▸ **Working data**
- - - -

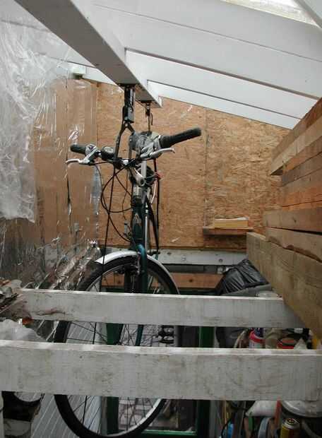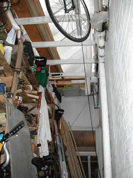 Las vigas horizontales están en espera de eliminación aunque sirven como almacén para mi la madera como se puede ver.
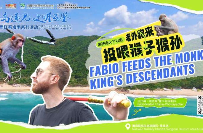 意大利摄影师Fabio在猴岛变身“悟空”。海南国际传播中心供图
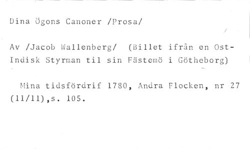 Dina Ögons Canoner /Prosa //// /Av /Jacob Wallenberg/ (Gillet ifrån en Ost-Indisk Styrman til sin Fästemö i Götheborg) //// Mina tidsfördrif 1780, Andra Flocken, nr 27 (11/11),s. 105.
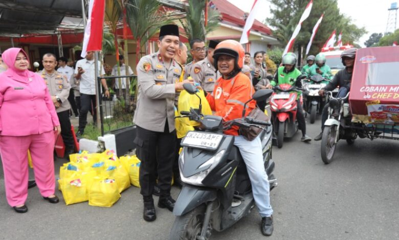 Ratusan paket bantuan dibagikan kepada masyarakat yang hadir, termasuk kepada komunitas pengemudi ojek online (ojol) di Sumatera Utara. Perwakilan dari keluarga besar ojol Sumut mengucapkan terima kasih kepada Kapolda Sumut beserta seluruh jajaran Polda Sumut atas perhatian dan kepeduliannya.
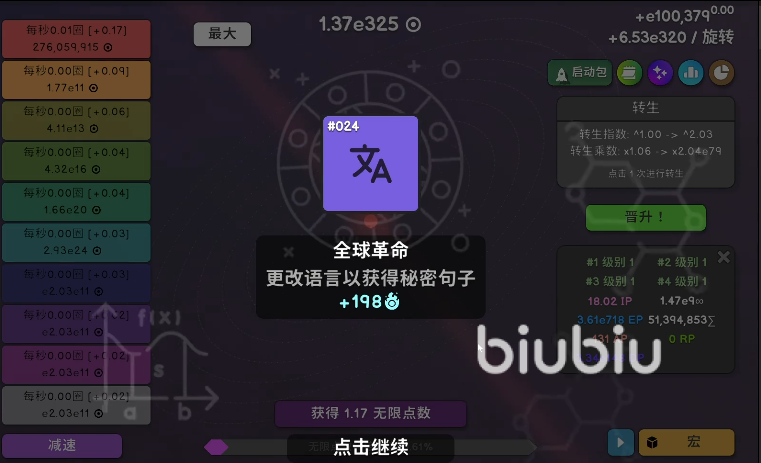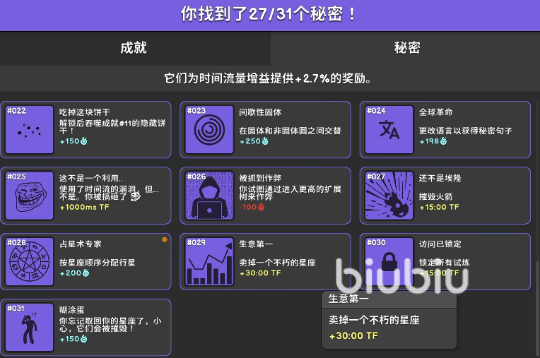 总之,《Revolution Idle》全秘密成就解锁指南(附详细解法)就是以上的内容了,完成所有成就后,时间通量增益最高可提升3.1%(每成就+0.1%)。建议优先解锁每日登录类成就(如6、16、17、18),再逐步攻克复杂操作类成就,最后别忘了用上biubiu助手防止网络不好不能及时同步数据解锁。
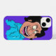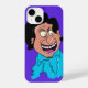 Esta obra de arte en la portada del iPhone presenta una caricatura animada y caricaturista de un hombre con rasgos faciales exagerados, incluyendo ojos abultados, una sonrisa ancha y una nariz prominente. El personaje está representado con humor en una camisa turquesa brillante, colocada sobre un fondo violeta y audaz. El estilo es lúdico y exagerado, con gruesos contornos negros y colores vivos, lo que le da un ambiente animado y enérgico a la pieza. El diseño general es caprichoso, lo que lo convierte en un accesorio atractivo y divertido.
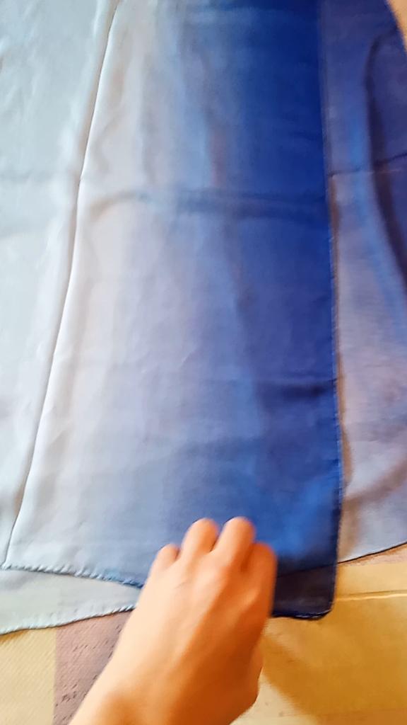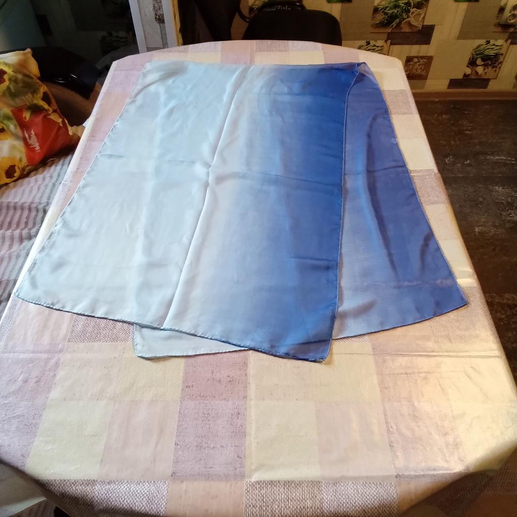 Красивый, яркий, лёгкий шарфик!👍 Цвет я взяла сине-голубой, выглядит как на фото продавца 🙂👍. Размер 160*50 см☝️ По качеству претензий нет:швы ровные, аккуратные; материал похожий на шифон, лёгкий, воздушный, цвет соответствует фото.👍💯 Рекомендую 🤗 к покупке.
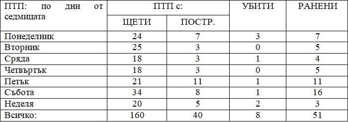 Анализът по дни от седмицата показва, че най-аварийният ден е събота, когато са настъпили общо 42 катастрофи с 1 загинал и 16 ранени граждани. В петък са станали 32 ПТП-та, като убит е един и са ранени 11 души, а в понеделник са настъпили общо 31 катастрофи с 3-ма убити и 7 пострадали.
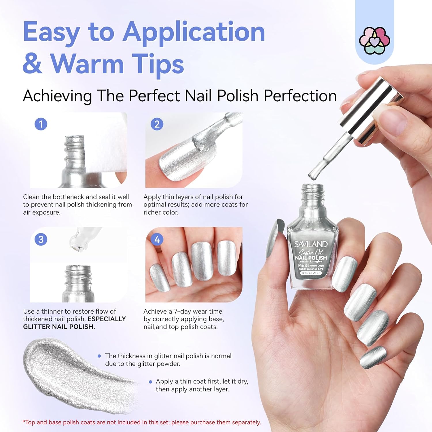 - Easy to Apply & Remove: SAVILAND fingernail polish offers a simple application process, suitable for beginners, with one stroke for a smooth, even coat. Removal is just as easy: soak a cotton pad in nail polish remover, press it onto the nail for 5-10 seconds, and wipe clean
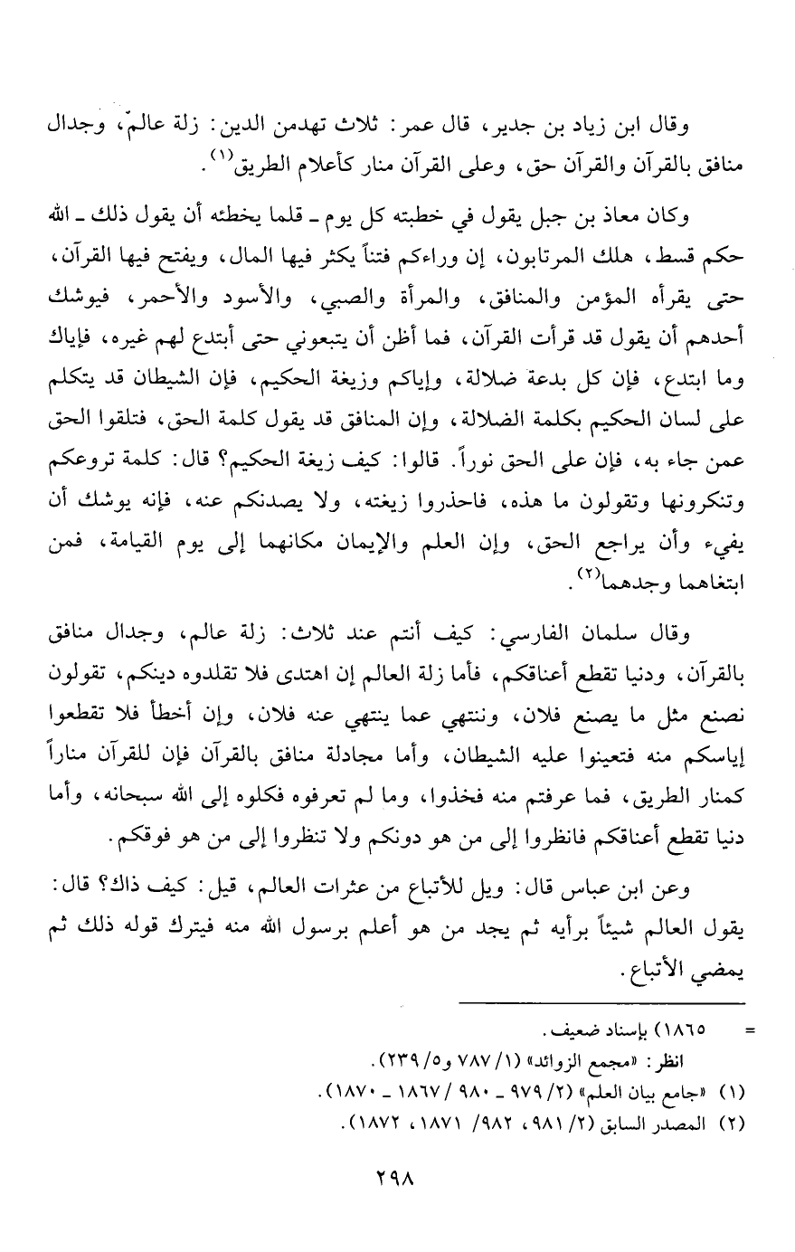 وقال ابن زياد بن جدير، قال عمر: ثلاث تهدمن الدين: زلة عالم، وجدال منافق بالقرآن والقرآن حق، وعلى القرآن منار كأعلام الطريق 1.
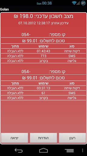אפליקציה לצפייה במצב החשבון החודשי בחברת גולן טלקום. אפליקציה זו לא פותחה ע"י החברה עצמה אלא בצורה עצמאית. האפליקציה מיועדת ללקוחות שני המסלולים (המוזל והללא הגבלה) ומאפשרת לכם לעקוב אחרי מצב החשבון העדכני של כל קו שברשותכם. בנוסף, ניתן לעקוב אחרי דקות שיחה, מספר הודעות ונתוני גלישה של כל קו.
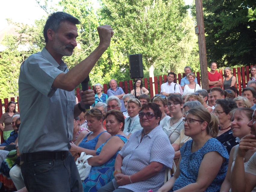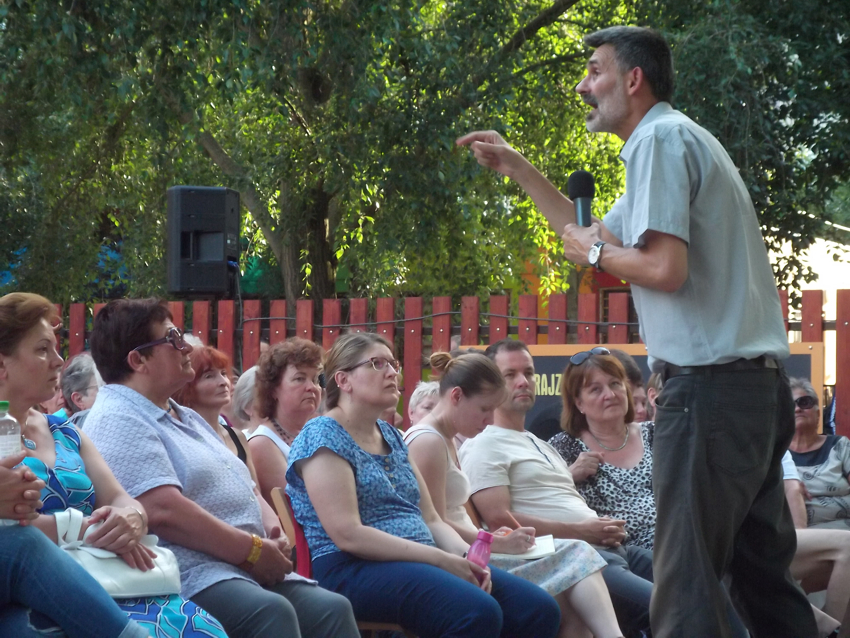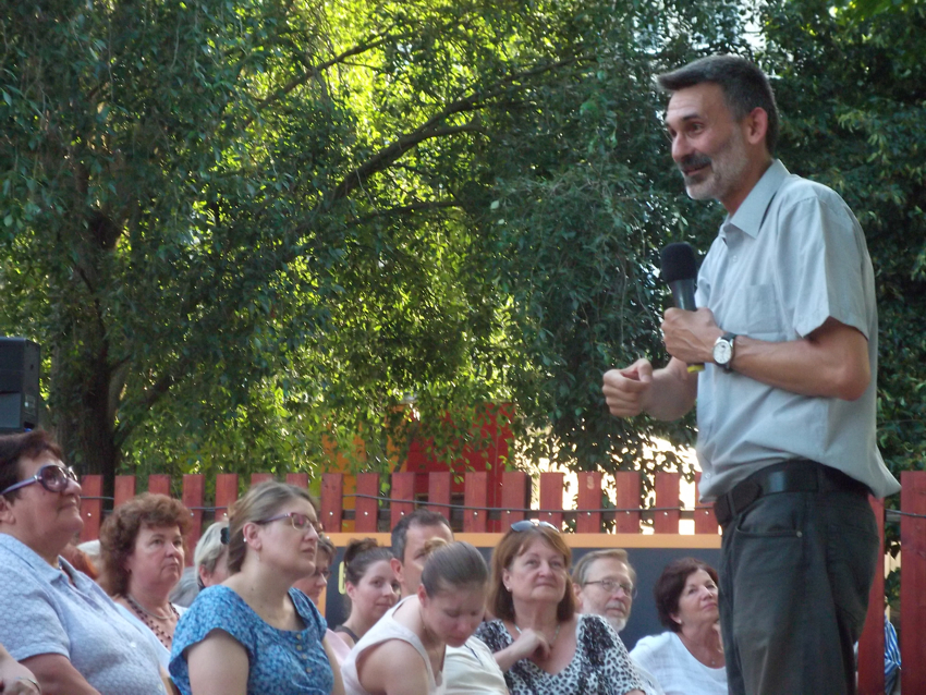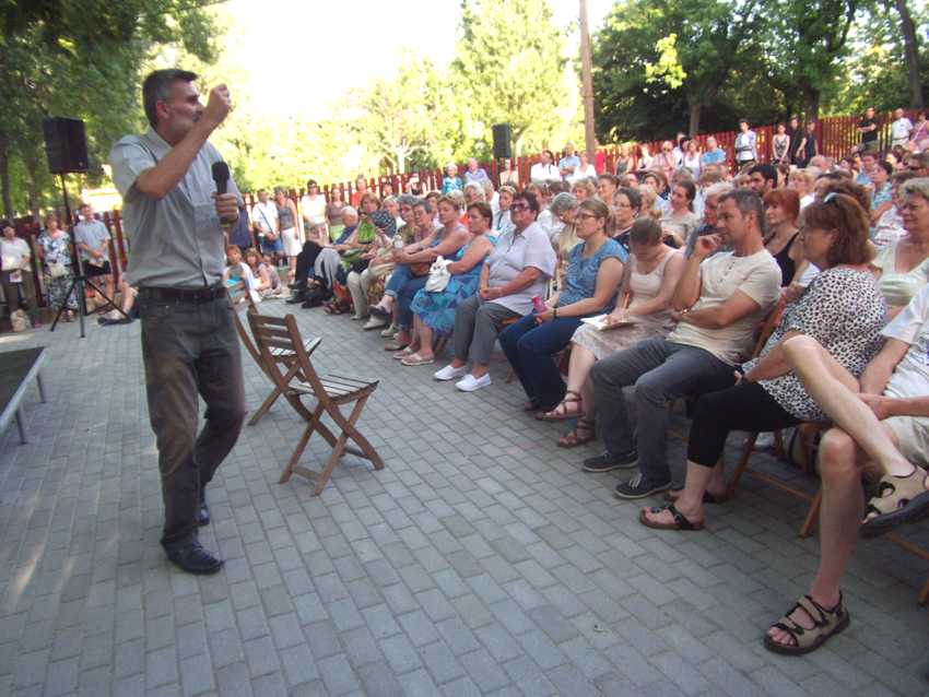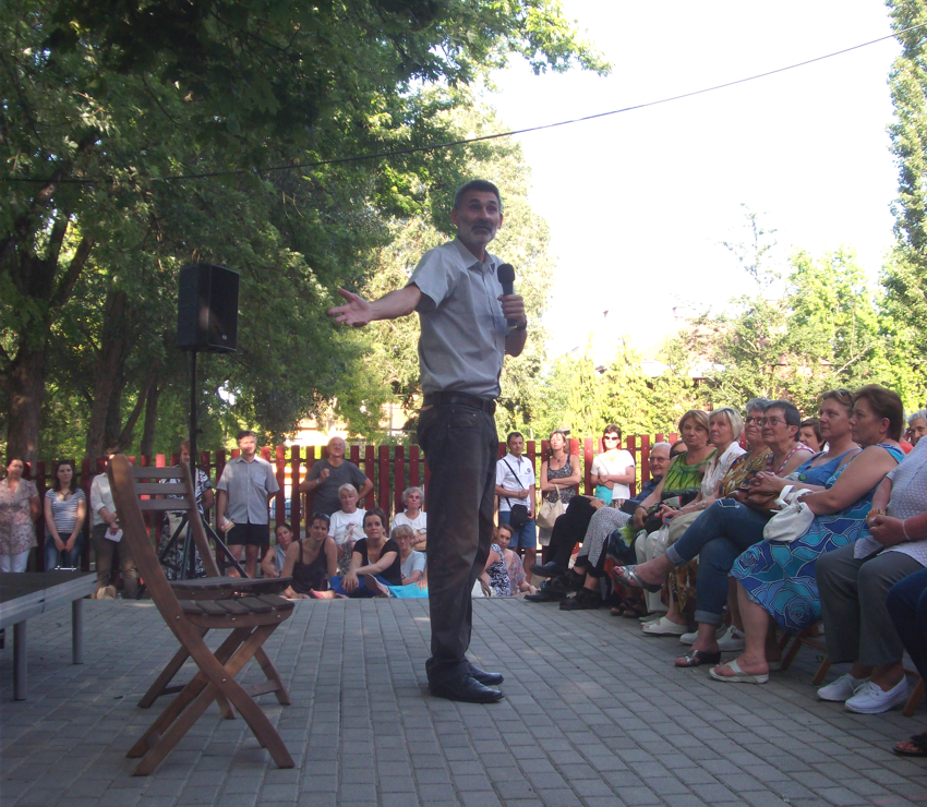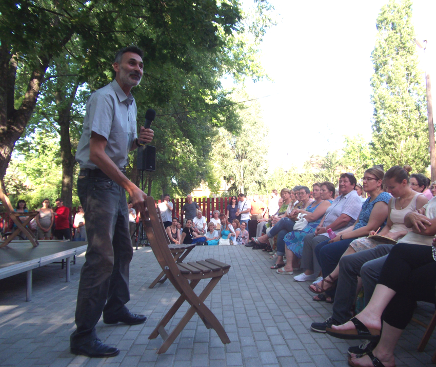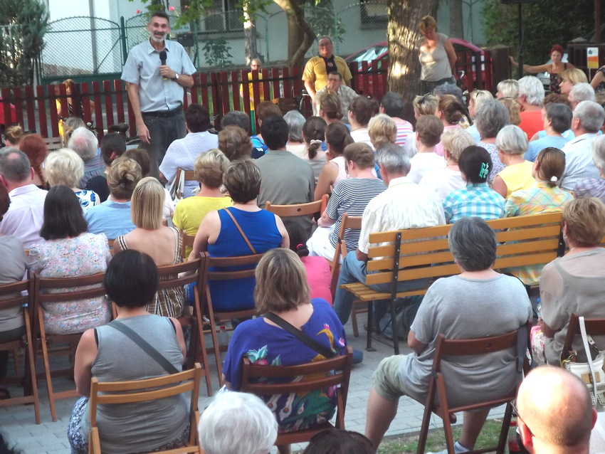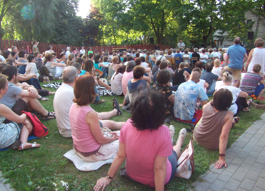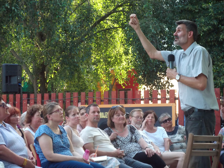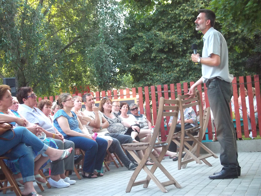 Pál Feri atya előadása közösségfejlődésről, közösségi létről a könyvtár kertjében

- - - -

▸ **Activity**
Give the data again exactly as written, with no pictures included.

▸ **Written reply**
 Las vigas horizontales están en espera de eliminación aunque sirven como almacén para mi la madera como se puede ver.
 意大利摄影师Fabio在猴岛变身“悟空”。海南国际传播中心供图
 Dina Ögons Canoner /Prosa //// /Av /Jacob Wallenberg/ (Gillet ifrån en Ost-Indisk Styrman til sin Fästemö i Götheborg) //// Mina tidsfördrif 1780, Andra Flocken, nr 27 (11/11),s. 105.
 Ratusan paket bantuan dibagikan kepada masyarakat yang hadir, termasuk kepada komunitas pengemudi ojek online (ojol) di Sumatera Utara. Perwakilan dari keluarga besar ojol Sumut mengucapkan terima kasih kepada Kapolda Sumut beserta seluruh jajaran Polda Sumut atas perhatian dan kepeduliannya.
 总之,《Revolution Idle》全秘密成就解锁指南(附详细解法)就是以上的内容了,完成所有成就后,时间通量增益最高可提升3.1%(每成就+0.1%)。建议优先解锁每日登录类成就(如6、16、17、18),再逐步攻克复杂操作类成就,最后别忘了用上biubiu助手防止网络不好不能及时同步数据解锁。
 Esta obra de arte en la portada del iPhone presenta una caricatura animada y caricaturista de un hombre con rasgos faciales exagerados, incluyendo ojos abultados, una sonrisa ancha y una nariz prominente. El personaje está representado con humor en una camisa turquesa brillante, colocada sobre un fondo violeta y audaz. El estilo es lúdico y exagerado, con gruesos contornos negros y colores vivos, lo que le da un ambiente animado y enérgico a la pieza. El diseño general es caprichoso, lo que lo convierte en un accesorio atractivo y divertido.
 Красивый, яркий, лёгкий шарфик!👍 Цвет я взяла сине-голубой, выглядит как на фото продавца 🙂👍. Размер 160*50 см☝️ По качеству претензий нет:швы ровные, аккуратные; материал похожий на шифон, лёгкий, воздушный, цвет соответствует фото.👍💯 Рекомендую 🤗 к покупке.
 Анализът по дни от седмицата показва, че най-аварийният ден е събота, когато са настъпили общо 42 катастрофи с 1 загинал и 16 ранени граждани. В петък са станали 32 ПТП-та, като убит е един и са ранени 11 души, а в понеделник са настъпили общо 31 катастрофи с 3-ма убити и 7 пострадали.
 - Easy to Apply & Remove: SAVILAND fingernail polish offers a simple application process, suitable for beginners, with one stroke for a smooth, even coat. Removal is just as easy: soak a cotton pad in nail polish remover, press it onto the nail for 5-10 seconds, and wipe clean
 وقال ابن زياد بن جدير، قال عمر: ثلاث تهدمن الدين: زلة عالم، وجدال منافق بالقرآن والقرآن حق، وعلى القرآن منار كأعلام الطريق 1.
אפליקציה לצפייה במצב החשבון החודשי בחברת גולן טלקום. אפליקציה זו לא פותחה ע"י החברה עצמה אלא בצורה עצמאית. האפליקציה מיועדת ללקוחות שני המסלולים (המוזל והללא הגבלה) ומאפשרת לכם לעקוב אחרי מצב החשבון העדכני של כל קו שברשותכם. בנוסף, ניתן לעקוב אחרי דקות שיחה, מספר הודעות ונתוני גלישה של כל קו.
 Pál Feri atya előadása közösségfejlődésről, közösségi létről a könyvtár kertjében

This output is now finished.